Rating: Summary: Painfully sad Review: This is the first book by Anita Shreve that I read, and I had forgotten that it was by her until after I read The Pilot's Wife. Taken in the context of her books, I can see its value and see how it picks up oncertain recurring themes that she has been dealing with for a long time, but it is clearly an early novel and not up to the wonderful standards of her more recent work. It is an extremely sad story--two people who are deeply longing for understanding and fulfillment and who find each other again as adult, after years of seperation. The descriptions of their paifully empty lives and almost too difficult to read at times, and the excitement and passion that grip them when they are together is intoxicating. However, I was frustrated by the stereotyping of the supporting characters and the bleakness of the lives portrayed. I am also puzzled by the ending, which can probably not help but be bleak, given the corners that Shreve has painted her characters into, but it seems almost too painful and morally judgemental, taken int he context of the story which she has very carefully developed. I kept waiting for there to be more--waiting for a different ending.
Rating: Summary: ... Review: This book has been on my mind ever since I read it. I didn't like the ending at all, too harsh. But after reading other books by Anita Shreve, I realize that's a given. An excuse for all the secret loving?

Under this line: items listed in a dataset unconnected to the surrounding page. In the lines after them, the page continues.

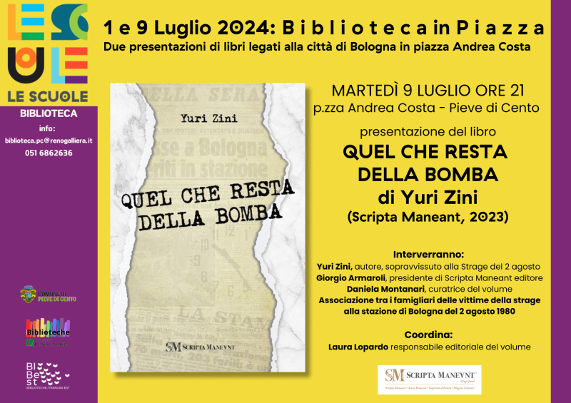 Martedì 9 luglio alle 21.00 la Biblioteca "Le Scuole" di Pieve di Cento, per ricordare il 44° anniversario della Strage del 2 agosto 1980, ospita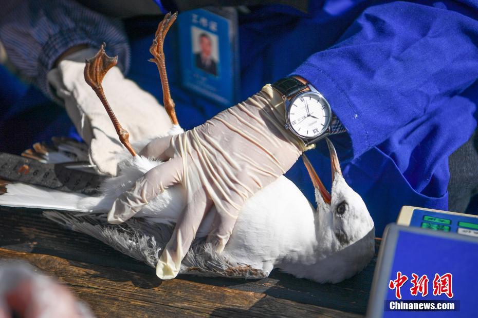 工作人員介紹,環(huán)志的目的在于了解紅嘴鷗種群數(shù)量變化情況及身體狀況,更好地為候鳥遷徙研究和野生動物疫源疫病監(jiān)測工作服務(wù)。中新社記者劉冉陽 攝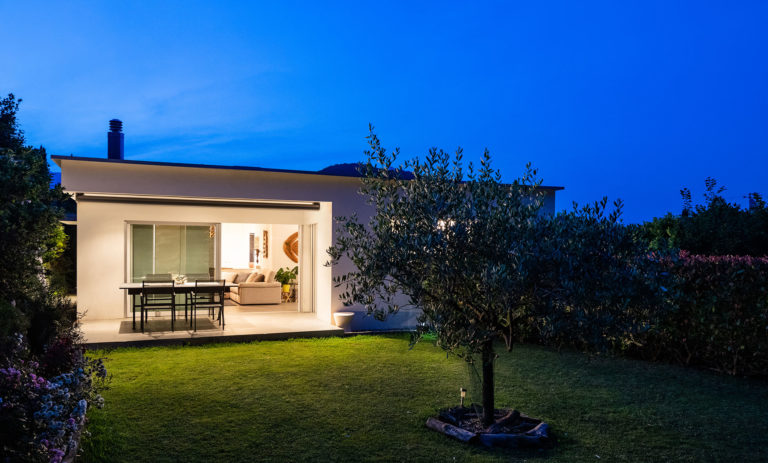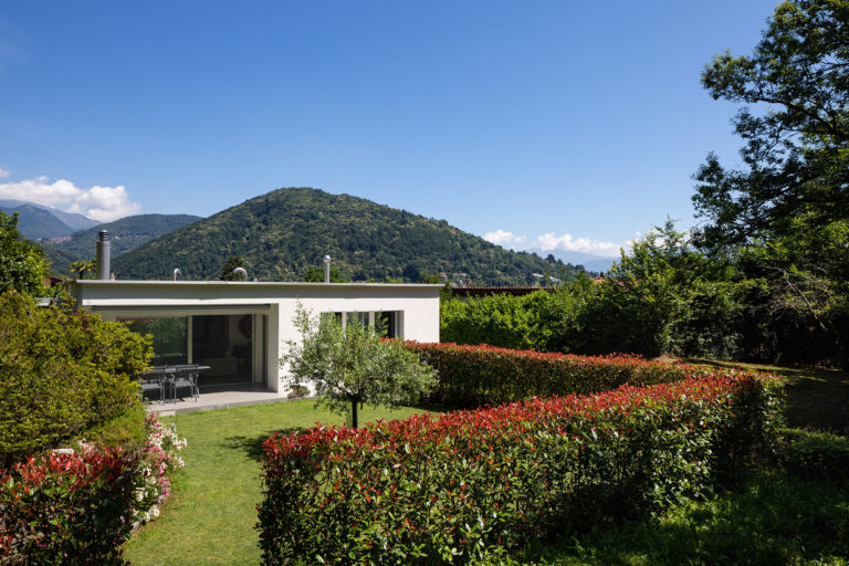 Ho scelto quindi di edificare gli spazi abitabili su un solo piano, a livello del giardino, appoggiandolo su un basamento seminterrato contenente le autorimesse, a livello della strada.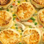 This creamy chicken pot pie casserole is pure comfort food—tender chicken, hearty veggies, and buttery golden biscuits baked to perfection for an easy family dinner.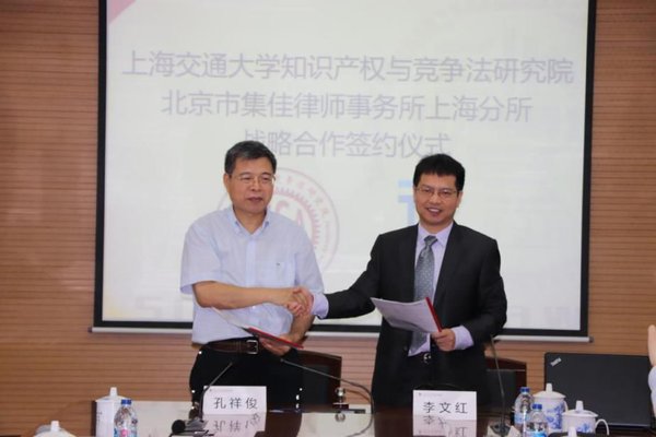 6月26日,北京市集佳律師事務所上海分所與上海交通大學知識產權與競爭法研究院戰略合作協議簽約儀式在上海交大徐匯校區凱原法學樓隆重舉行。上海交通大學知識產權與競爭法研究院院長孔祥俊教授、劉維副教授,北京市集佳律師事務所上海分所主任李文紅、資深顧問王俊河、合伙人李擘、合伙人張振軍出席簽約儀式。
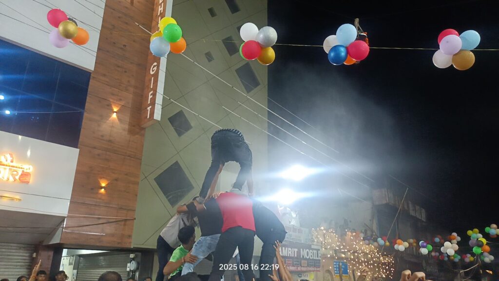 सुभाष चौक, स्टेशन चौक और हंडी चौक पर दही-हांडी उत्सव खास आकर्षण का केंद्र रहे। सजावट, लाइटिंग और डीजे की धुन पर नाचते-गाते भक्तों की भीड़ देर रात तक जमी रही। रंग-बिरंगी झालरों और रोशनी से सजे चौक मानो किसी पर्व सरीखे आलोकित हो उठे।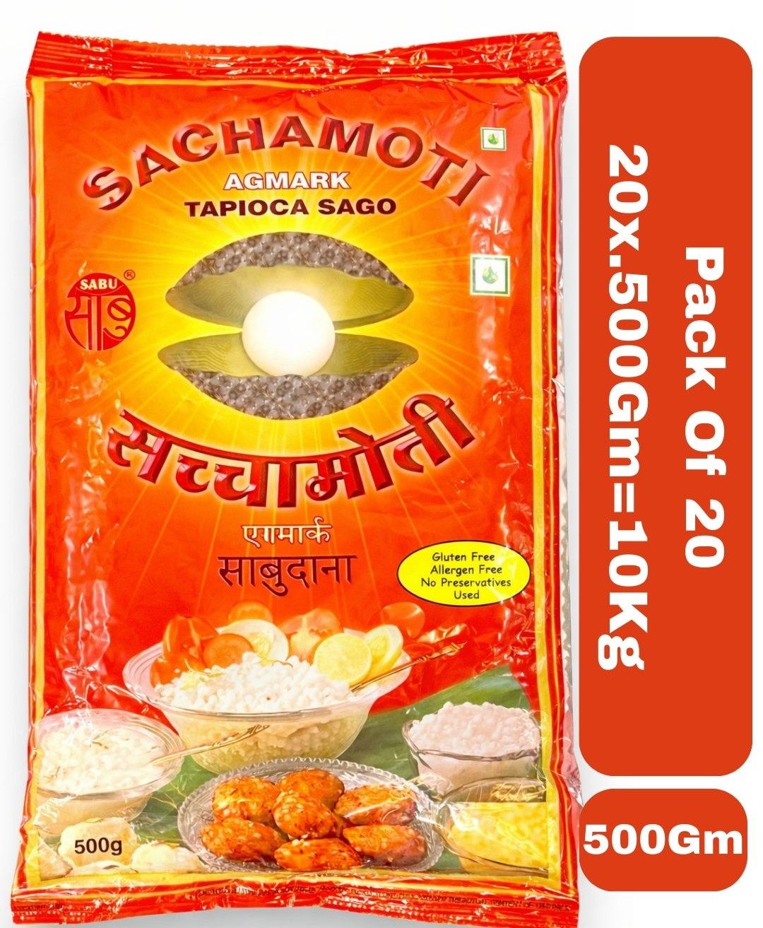 Sachamoti Tapioca Sago Premium Sabudana 500 Gm (Pack Of 20)

I remember the characters alive, so the end doesn't do me in.
Rating: Summary: Slow start but worth it... Review: Took me a while to get into this book but once I got passed the first couple of pages, I couldn't put it down. I work at a bookstore and another employee and I go through these phases where we pick an author and read all the books by him/her. We read Jodi Picoult, we're on Anita Shreve right now and next I believe is Sue Miller. I don't want to give away any parts of this book but if you start reading it and find it to be not that great, keep going, it gets really good.